* [PROBLEM DESCRIPTION]
From the first line to the last, copy the listing exactly and omit the pictures.

##### INPUT DATA #####

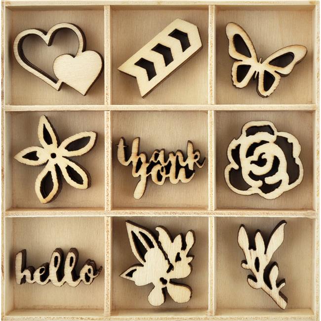 Kaisercraft FL597 Themed Mini Wooden Flourishes - Bloom, Pack Of 45
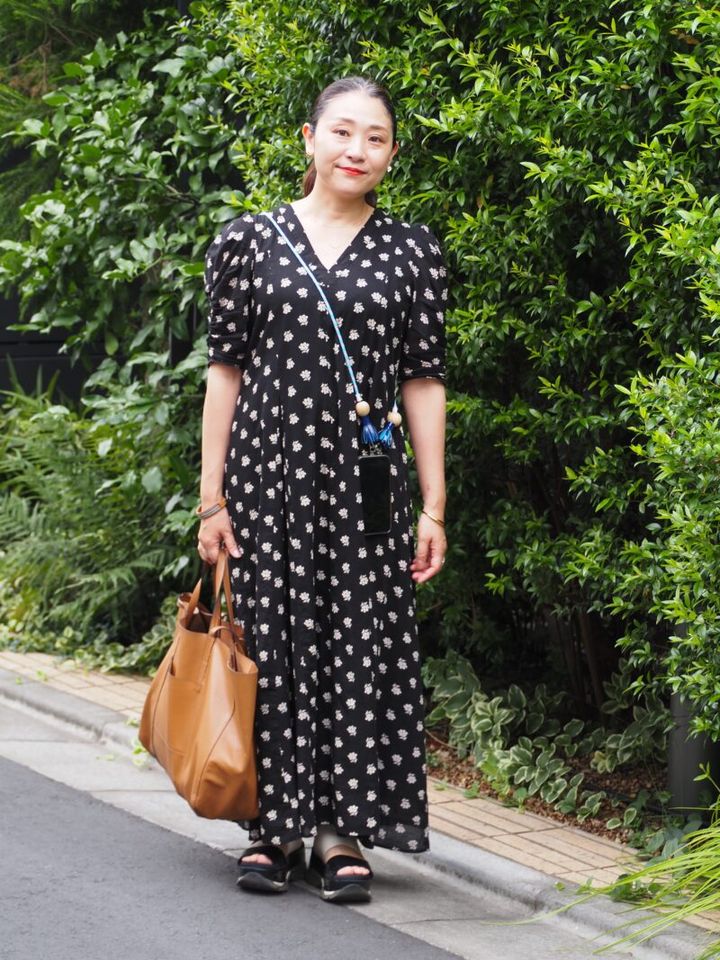 小さな白い花模様が全体に散りばめられたフェミニンなワンピースは、「ヌキテパ」のもの。落ち着きのある色味ながら、インド綿の軽やかな質感が夏の装いにマッチ!
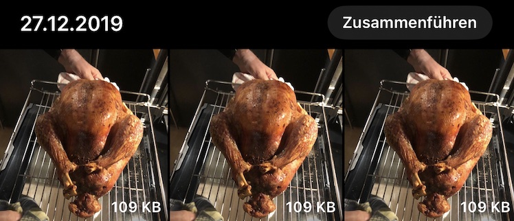 In iOS 16 ist ein neues Tool integriert, das identische Fotos findet und löschen kann. Bei mir waren es über 7300 Duplikate. Ein Beispiel. Im Jahr 2019 habe ich Weihnachten dreimal den Truthahn nahezu identisch aufgenommen. War äußerst lecker, was die Schwiegermutter da gezaubert hat, aber dreimal braucht das Foto niemand…
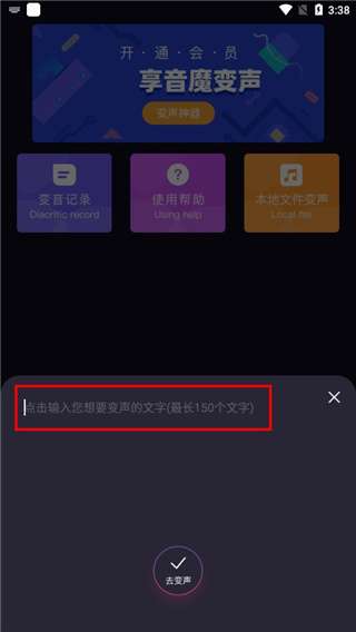 4、打开后在文本框内输入想要变声的文字,选择去变声;

#####

* [ANSWER SPACE]
 Kaisercraft FL597 Themed Mini Wooden Flourishes - Bloom, Pack Of 45
 小さな白い花模様が全体に散りばめられたフェミニンなワンピースは、「ヌキテパ」のもの。落ち着きのある色味ながら、インド綿の軽やかな質感が夏の装いにマッチ!
 In iOS 16 ist ein neues Tool integriert, das identische Fotos findet und löschen kann. Bei mir waren es über 7300 Duplikate. Ein Beispiel. Im Jahr 2019 habe ich Weihnachten dreimal den Truthahn nahezu identisch aufgenommen. War äußerst lecker, was die Schwiegermutter da gezaubert hat, aber dreimal braucht das Foto niemand…
 4、打开后在文本框内输入想要变声的文字,选择去变声;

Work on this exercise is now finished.